Inventory of all service accounts
Demonstrate that the organization maintains a complete, accurate, and current inventory of all service accounts with sufficient metadata to support access reviews, privilege management, and accountability.
Description
What this control does
This control requires organizations to maintain a comprehensive, current inventory of all service accounts—non-human identities used by applications, scripts, scheduled tasks, and services to authenticate and execute operations. The inventory must include attributes such as account name, purpose, associated systems/applications, owner/custodian, privilege level, authentication method, and last review date. Maintaining this inventory prevents orphaned accounts from persisting after application decommissioning, enables privilege review and least-privilege enforcement, and provides visibility into non-human access pathways that are frequently exploited due to weak credential management or excessive permissions.
Control objective
What auditing this proves
Demonstrate that the organization maintains a complete, accurate, and current inventory of all service accounts with sufficient metadata to support access reviews, privilege management, and accountability.
Associated risks
Risks this control addresses
- Orphaned service accounts remain active after application retirement, providing persistent backdoor access with no monitoring or ownership
- Service accounts with excessive privileges enable lateral movement and privilege escalation following initial compromise of a low-value system
- Hard-coded or embedded credentials in service accounts allow attackers to extract and reuse credentials across multiple systems
- Lack of ownership attribution prevents timely response when service account credentials are compromised or misused
- Service accounts exempted from password rotation policies become high-value targets with static, discoverable credentials
- Undocumented service accounts bypass change control, logging, and monitoring processes designed for user accounts
- Shared service accounts across multiple applications obscure audit trails and prevent accurate attribution of privileged actions
Testing procedure
How an auditor verifies this control
- Obtain the organization's current service account inventory spreadsheet, database export, or identity governance system report showing all service accounts across all platforms (Active Directory, cloud IAM, databases, applications).

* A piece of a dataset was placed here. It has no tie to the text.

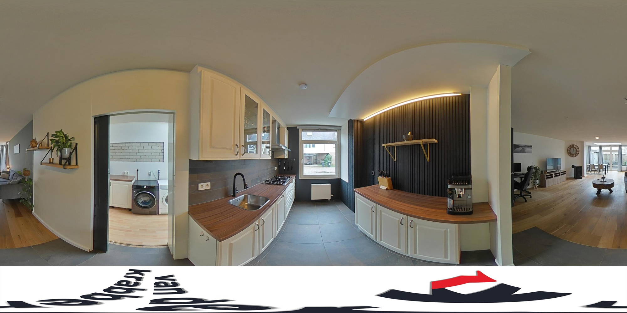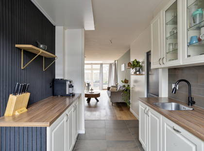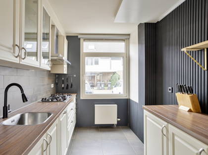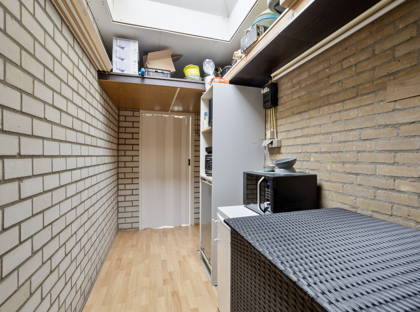 De keuken is uitgerust met een 5-pits gaskookplaat en afzuigkap. Vanuit de keuken is er toegang tot de bijkeuken, waar zich de aansluitingen voor het witgoed bevinden.

- Request documentation of the methodology used to identify service accounts, including query scripts, filters, or automated discovery tools employed.

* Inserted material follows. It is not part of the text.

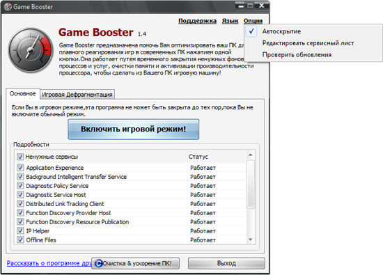 Единственный ускоритель в нашем обзоре, распространяемый компанией-разработчиком IObit на безвозмездной основе. Судя по представленному на сайте описанию и элементам интерфейса (кстати, многоязычного и переведенного на русский), потенциал Game Booster довольно скромен и ограничивается только приостановкой ряда системных процессов и служб, а также дефрагментацией файлов игровых приложений. Список выгружаемых из оперативной памяти модулей Windows можно варьировать, помечая галочками соответствующие пункты. Оптимизация хранящихся на диске данных производится в том же духе. Правда, какую бы мы директорию мы ни выбирали, утилита без раздумий всякий раз выдавала фразу: "Фрагментированные файлы отсутствуют". Подобное поведение Game Booster не может не настораживать и лишний раз подчеркивает, что фигурирующая в интерфейсе вкладка "Игровая дефрагментация" носит исключительно косметический характер, но никак не практический.

- Select a representative sample of 15-25 service accounts spanning different platforms, privilege levels, and business functions from the inventory.
- For each sampled account, verify its existence and attributes by inspecting the source system directly (e.g., querying Active Directory, examining cloud IAM console, reviewing database user tables).
- Cross-reference the sampled accounts against system documentation, application architecture diagrams, and CMDB records to validate the documented purpose and associated systems are accurate.
- Identify at least three recently decommissioned applications or systems from change management records and verify that associated service accounts were documented in the inventory and properly disabled or removed.
- Review the inventory completeness by executing independent queries or scans on a subset of platforms to identify service accounts not present in the provided inventory, documenting any discrepancies.
- Verify that mandatory inventory attributes (minimally: account name, purpose, owner, privilege level, last review date) are populated for all accounts and that ownership can be traced to accountable individuals or teams.